What you should do :: Print, exactly as they stand, the lines below from the one that has "at the fly." to the one that has "治療を続けているうちに、以前", inclusive, leaving out the pictures.

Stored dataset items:
******

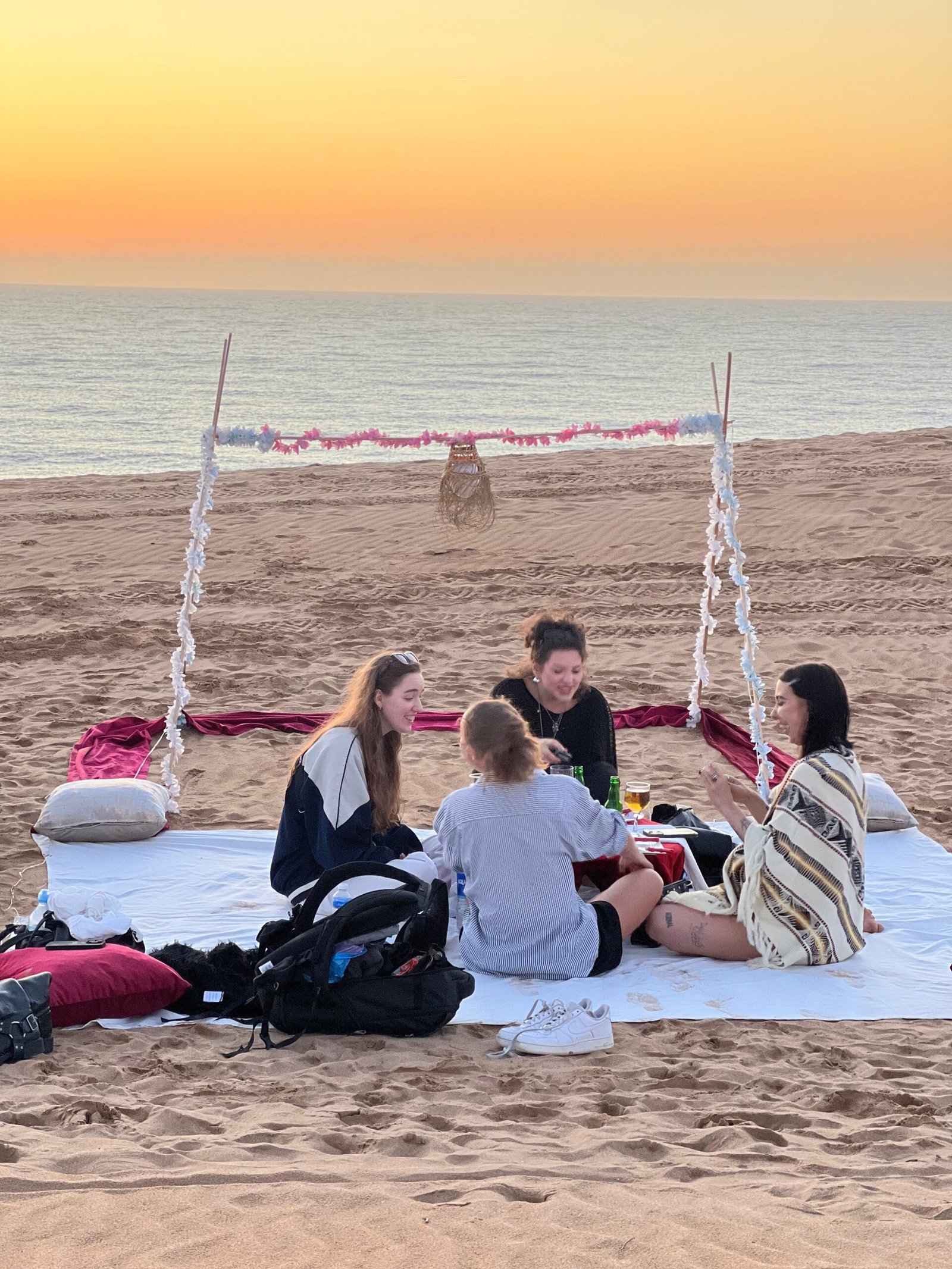 As the sun starts to set, we gather around. Fire, Moroccan tea, snacks, music. The sky turns orange, and suddenly you feel like you’re in a movie.
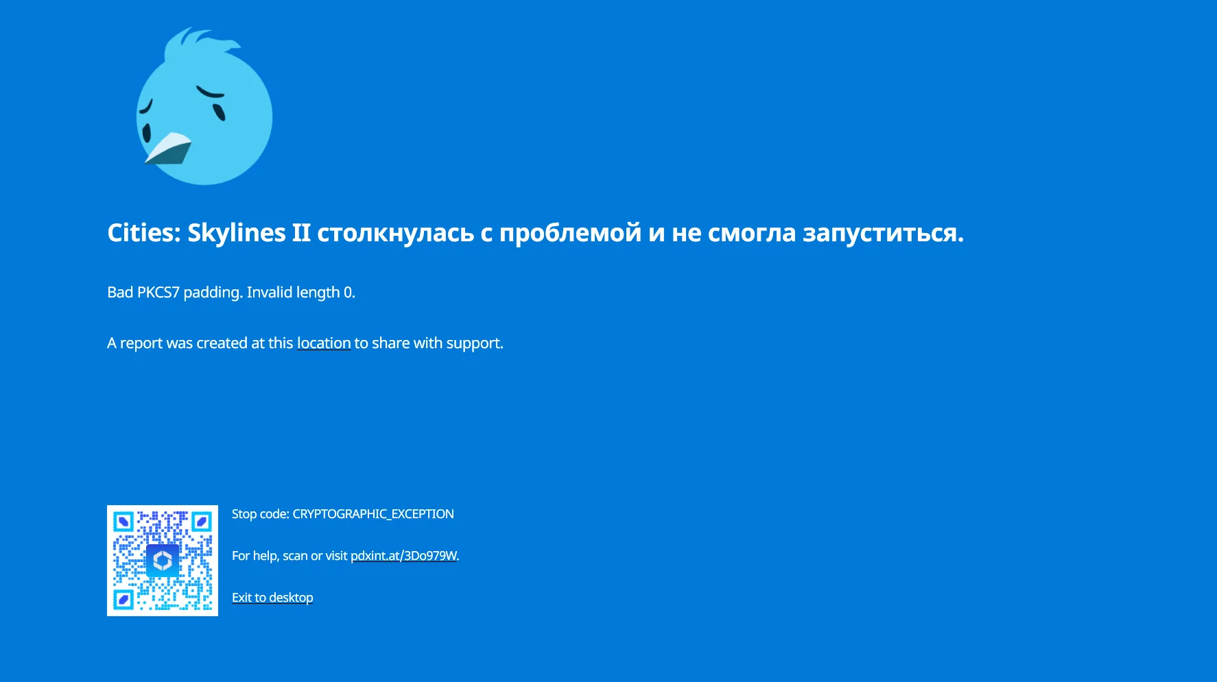 Ошибка «Bad PKCS7 padding» или «CRYPTOGRAPHIC_EXCEPTION»
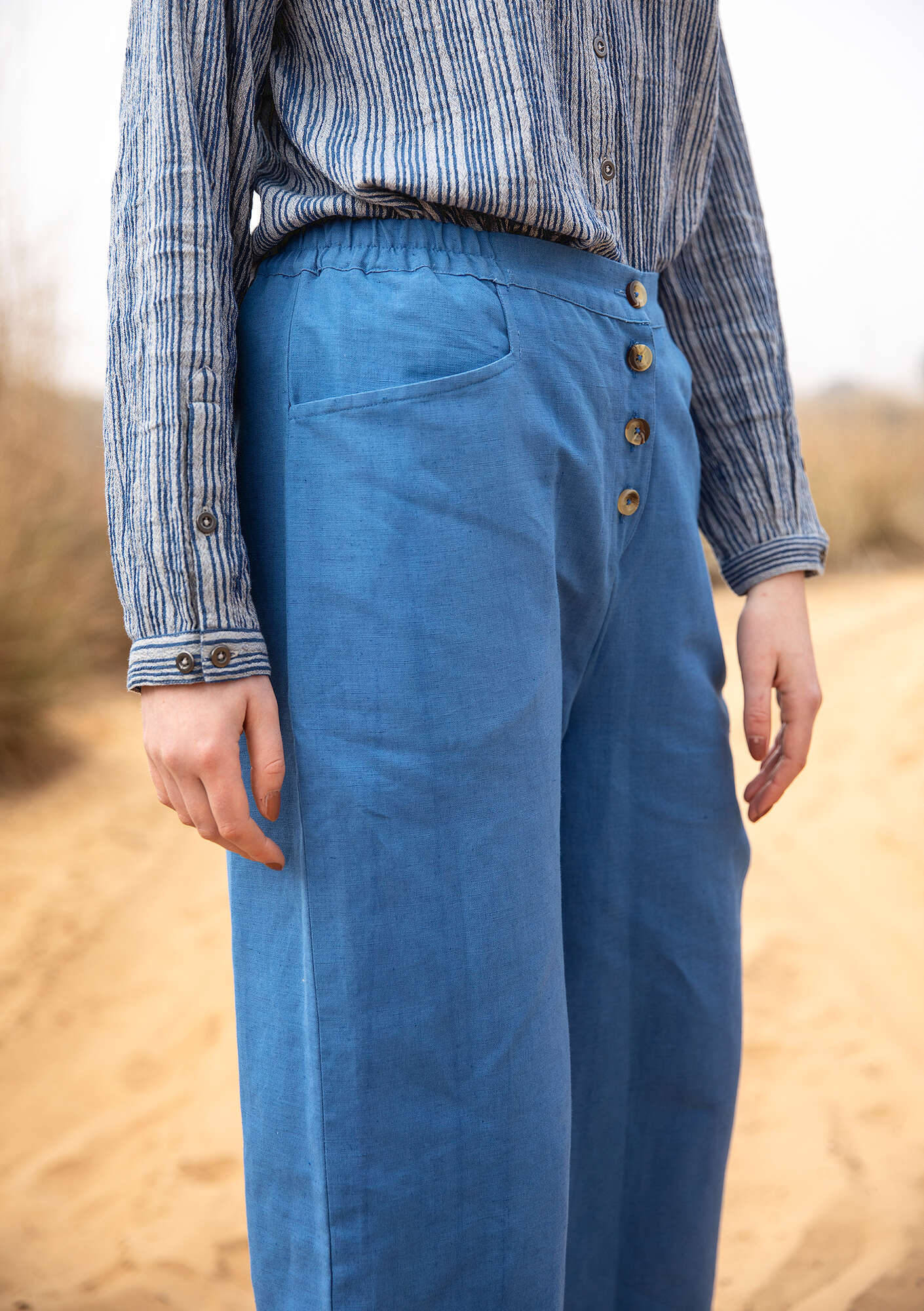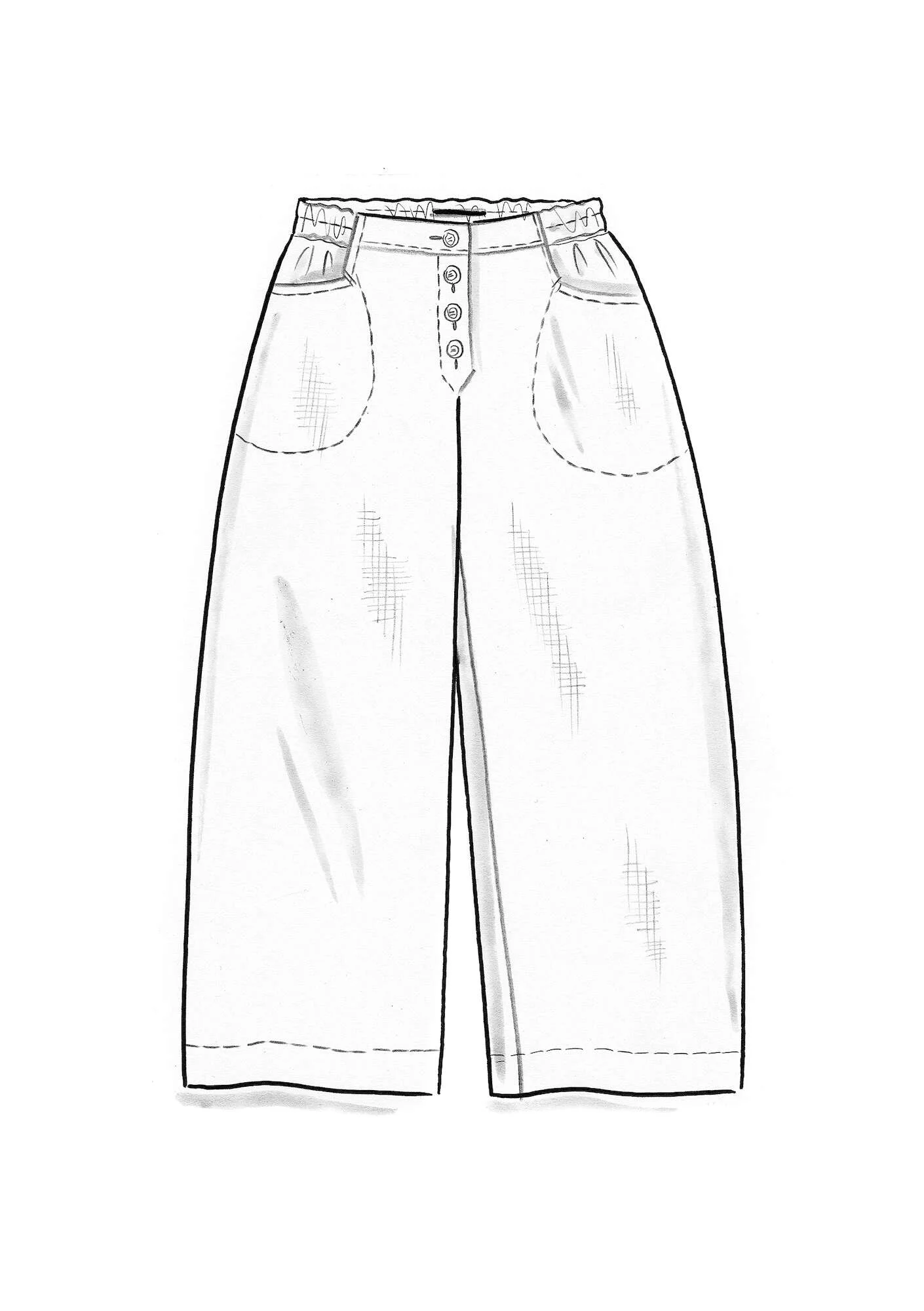 • Comfortable workwear-inspired pants. Slightly shorter leg length. Waistband with elastic at the back and sides. Comfy inner pockets and variegated buttons at the fly.
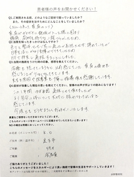 治療を続けているうちに、以前感じていた首・肩の痛みを感じることが少なくなってきています。先生も原因や改善策を丁寧に指導していただき感謝しています。
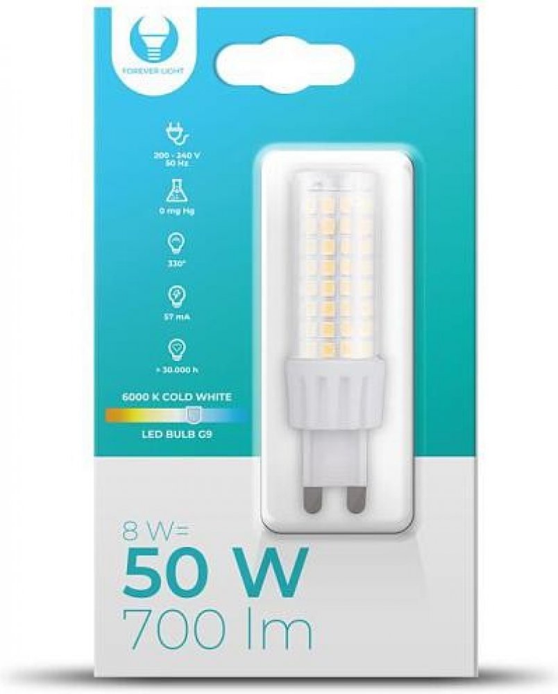 studená barva 6000 K A+ Forever Light LED žárovky 25000 h 700 lm G9 230 V
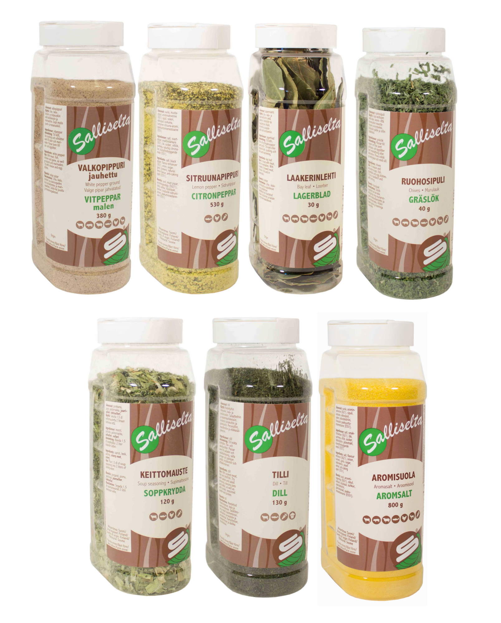 Takuulla kattava setti mausteita, joita kaikkia voit hyvillä mielin ja makuhermoja kutkutellen käyttää perinteisissä kalaruoissa.
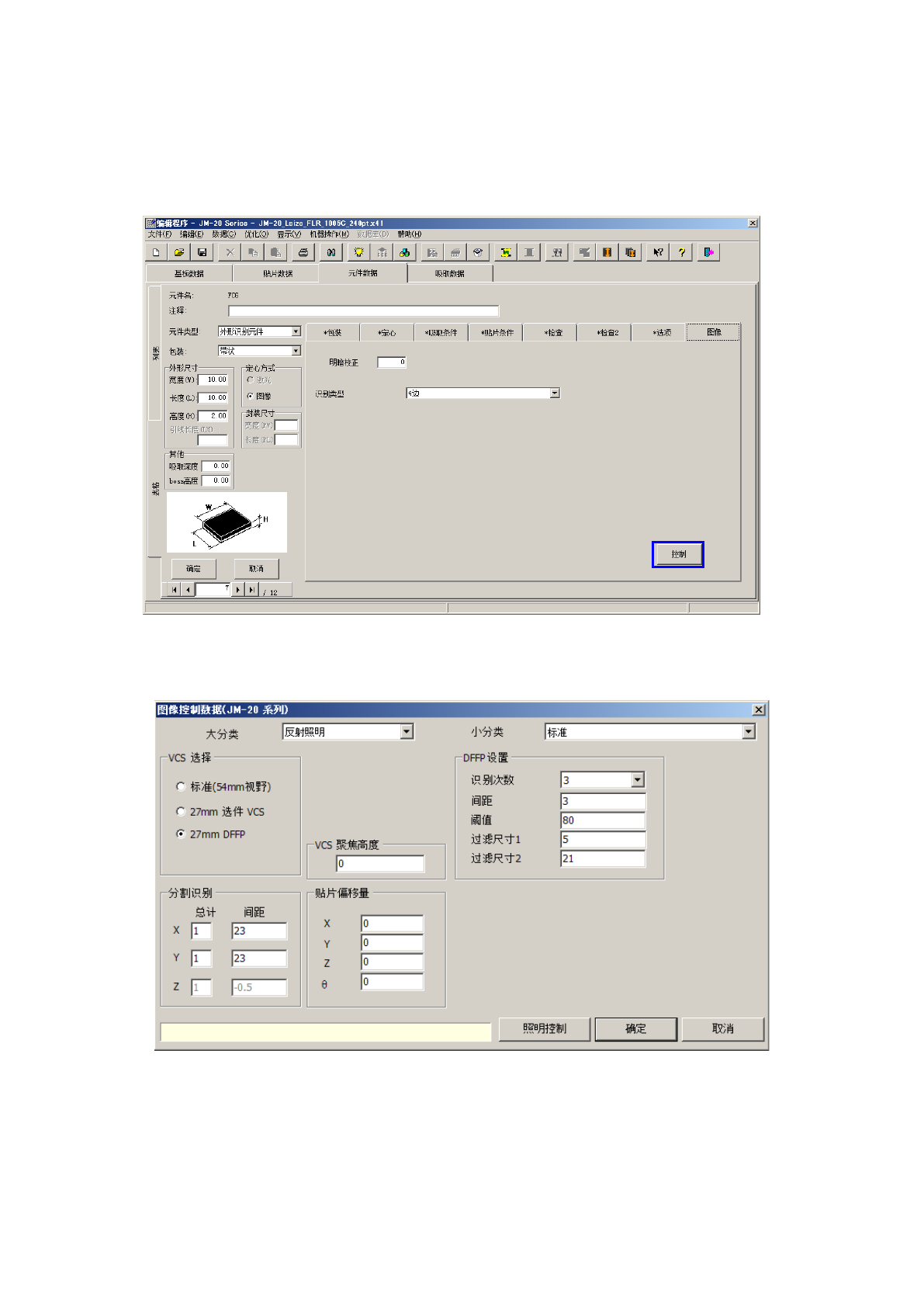 是对图像识别元件进行详细设置的画面。
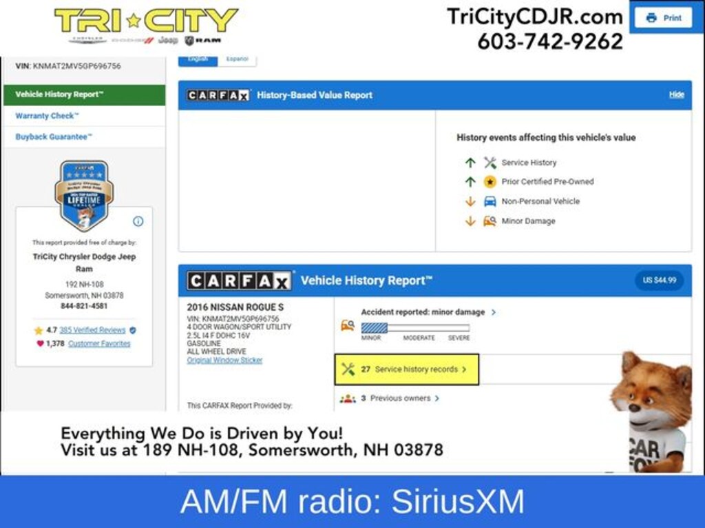 Step inside the 2016 Nissan Rogue S and discover a world of modern conveniences. Enjoy the convenience of features like AM/FM radio with SiriusXM, a CD player, and the NissanConnect infotainment system, which keeps you connected and entertained on the go. Stay comfortable with the automatic climate control and power windows, while the steering wheel-mounted audio controls allow you to easily manage your music.
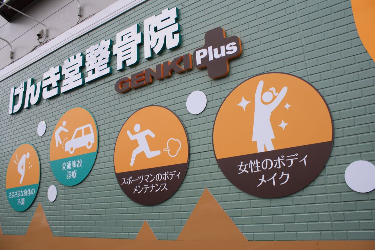 整骨院のキーカラーで建物全体をスペーシングして、明るく分かりやすい外観に仕上げました。
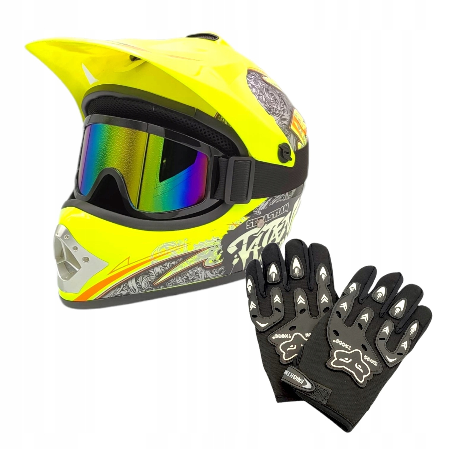 КРОСОВИЙ МОТОЦИКЛЕТНИЙ ШОЛОМ + ОКУЛЯРИ + РУКАВИЧКИ
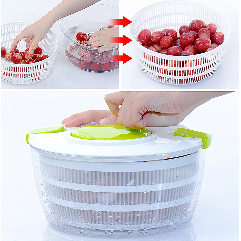 Нравится ли вам делать домашние салаты или просто хотитеПриспособление для полоскания фруктовых и овощных закусок вашей семьи, наш Спиннер для салата-Ваш гаджет. Эта Полезная сушильная машина имеет миску большой емкости, загрузив спиннинговую корзину с помощью здорового приготовления салата, шпината, моркови, томатов вишни и других питательных продуктов, И следи за тем, как он поворачивает их до хрустящего, сухого совершенства в считанные минуты.

******

Output below ::
 • Comfortable workwear-inspired pants. Slightly shorter leg length. Waistband with elastic at the back and sides. Comfy inner pockets and variegated buttons at the fly.
 治療を続けているうちに、以前感じていた首・肩の痛みを感じることが少なくなってきています。先生も原因や改善策を丁寧に指導していただき感謝しています。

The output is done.